__Data records__
• • • • • • •

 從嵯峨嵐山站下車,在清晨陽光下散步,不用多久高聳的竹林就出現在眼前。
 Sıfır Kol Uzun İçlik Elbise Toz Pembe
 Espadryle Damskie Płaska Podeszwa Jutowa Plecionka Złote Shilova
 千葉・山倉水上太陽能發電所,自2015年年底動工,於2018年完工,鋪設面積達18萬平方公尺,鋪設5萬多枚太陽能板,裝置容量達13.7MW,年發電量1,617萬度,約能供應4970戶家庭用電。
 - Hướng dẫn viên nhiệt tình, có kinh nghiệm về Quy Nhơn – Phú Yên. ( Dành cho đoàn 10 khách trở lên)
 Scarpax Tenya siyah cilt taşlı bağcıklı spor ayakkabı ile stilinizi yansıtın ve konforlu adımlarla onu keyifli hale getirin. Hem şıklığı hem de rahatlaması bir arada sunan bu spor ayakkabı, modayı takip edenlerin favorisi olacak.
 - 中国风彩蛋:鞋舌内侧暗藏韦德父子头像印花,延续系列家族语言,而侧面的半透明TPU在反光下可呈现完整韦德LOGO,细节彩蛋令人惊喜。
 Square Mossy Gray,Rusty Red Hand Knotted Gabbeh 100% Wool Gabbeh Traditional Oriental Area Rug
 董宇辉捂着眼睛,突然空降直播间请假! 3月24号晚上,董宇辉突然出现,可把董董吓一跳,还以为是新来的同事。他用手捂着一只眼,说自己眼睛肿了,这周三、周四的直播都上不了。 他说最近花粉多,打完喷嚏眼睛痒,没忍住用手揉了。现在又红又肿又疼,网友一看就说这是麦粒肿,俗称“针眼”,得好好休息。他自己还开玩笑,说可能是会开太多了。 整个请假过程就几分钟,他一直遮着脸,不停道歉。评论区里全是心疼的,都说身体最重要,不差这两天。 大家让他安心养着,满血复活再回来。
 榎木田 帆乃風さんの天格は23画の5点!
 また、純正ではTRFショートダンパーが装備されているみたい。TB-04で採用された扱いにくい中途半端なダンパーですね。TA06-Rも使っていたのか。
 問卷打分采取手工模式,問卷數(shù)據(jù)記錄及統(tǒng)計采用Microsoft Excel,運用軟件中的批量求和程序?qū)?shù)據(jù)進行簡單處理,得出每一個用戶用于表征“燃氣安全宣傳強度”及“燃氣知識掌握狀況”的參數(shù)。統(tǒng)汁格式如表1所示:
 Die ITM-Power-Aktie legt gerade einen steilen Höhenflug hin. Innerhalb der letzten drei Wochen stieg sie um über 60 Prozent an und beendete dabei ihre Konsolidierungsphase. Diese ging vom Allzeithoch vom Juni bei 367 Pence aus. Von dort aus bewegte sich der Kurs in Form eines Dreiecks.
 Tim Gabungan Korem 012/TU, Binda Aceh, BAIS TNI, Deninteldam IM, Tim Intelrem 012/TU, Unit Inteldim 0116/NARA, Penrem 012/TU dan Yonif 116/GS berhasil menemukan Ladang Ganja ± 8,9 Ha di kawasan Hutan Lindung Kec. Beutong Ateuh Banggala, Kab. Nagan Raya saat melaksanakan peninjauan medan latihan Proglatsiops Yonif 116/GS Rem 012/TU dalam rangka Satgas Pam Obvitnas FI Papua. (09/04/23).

• • • • • • •

__DIRECTIONS FOR THIS TASK__
All of the data must be returned exactly.

__TASK ANSWER__
 從嵯峨嵐山站下車,在清晨陽光下散步,不用多久高聳的竹林就出現在眼前。
 Sıfır Kol Uzun İçlik Elbise Toz Pembe
 Espadryle Damskie Płaska Podeszwa Jutowa Plecionka Złote Shilova
 千葉・山倉水上太陽能發電所,自2015年年底動工,於2018年完工,鋪設面積達18萬平方公尺,鋪設5萬多枚太陽能板,裝置容量達13.7MW,年發電量1,617萬度,約能供應4970戶家庭用電。
 - Hướng dẫn viên nhiệt tình, có kinh nghiệm về Quy Nhơn – Phú Yên. ( Dành cho đoàn 10 khách trở lên)
 Scarpax Tenya siyah cilt taşlı bağcıklı spor ayakkabı ile stilinizi yansıtın ve konforlu adımlarla onu keyifli hale getirin. Hem şıklığı hem de rahatlaması bir arada sunan bu spor ayakkabı, modayı takip edenlerin favorisi olacak.
 - 中国风彩蛋:鞋舌内侧暗藏韦德父子头像印花,延续系列家族语言,而侧面的半透明TPU在反光下可呈现完整韦德LOGO,细节彩蛋令人惊喜。
 Square Mossy Gray,Rusty Red Hand Knotted Gabbeh 100% Wool Gabbeh Traditional Oriental Area Rug
 董宇辉捂着眼睛,突然空降直播间请假! 3月24号晚上,董宇辉突然出现,可把董董吓一跳,还以为是新来的同事。他用手捂着一只眼,说自己眼睛肿了,这周三、周四的直播都上不了。 他说最近花粉多,打完喷嚏眼睛痒,没忍住用手揉了。现在又红又肿又疼,网友一看就说这是麦粒肿,俗称“针眼”,得好好休息。他自己还开玩笑,说可能是会开太多了。 整个请假过程就几分钟,他一直遮着脸,不停道歉。评论区里全是心疼的,都说身体最重要,不差这两天。 大家让他安心养着,满血复活再回来。
 榎木田 帆乃風さんの天格は23画の5点!
 また、純正ではTRFショートダンパーが装備されているみたい。TB-04で採用された扱いにくい中途半端なダンパーですね。TA06-Rも使っていたのか。
 問卷打分采取手工模式,問卷數(shù)據(jù)記錄及統(tǒng)計采用Microsoft Excel,運用軟件中的批量求和程序?qū)?shù)據(jù)進行簡單處理,得出每一個用戶用于表征“燃氣安全宣傳強度”及“燃氣知識掌握狀況”的參數(shù)。統(tǒng)汁格式如表1所示:
 Die ITM-Power-Aktie legt gerade einen steilen Höhenflug hin. Innerhalb der letzten drei Wochen stieg sie um über 60 Prozent an und beendete dabei ihre Konsolidierungsphase. Diese ging vom Allzeithoch vom Juni bei 367 Pence aus. Von dort aus bewegte sich der Kurs in Form eines Dreiecks.
 Tim Gabungan Korem 012/TU, Binda Aceh, BAIS TNI, Deninteldam IM, Tim Intelrem 012/TU, Unit Inteldim 0116/NARA, Penrem 012/TU dan Yonif 116/GS berhasil menemukan Ladang Ganja ± 8,9 Ha di kawasan Hutan Lindung Kec. Beutong Ateuh Banggala, Kab. Nagan Raya saat melaksanakan peninjauan medan latihan Proglatsiops Yonif 116/GS Rem 012/TU dalam rangka Satgas Pam Obvitnas FI Papua. (09/04/23).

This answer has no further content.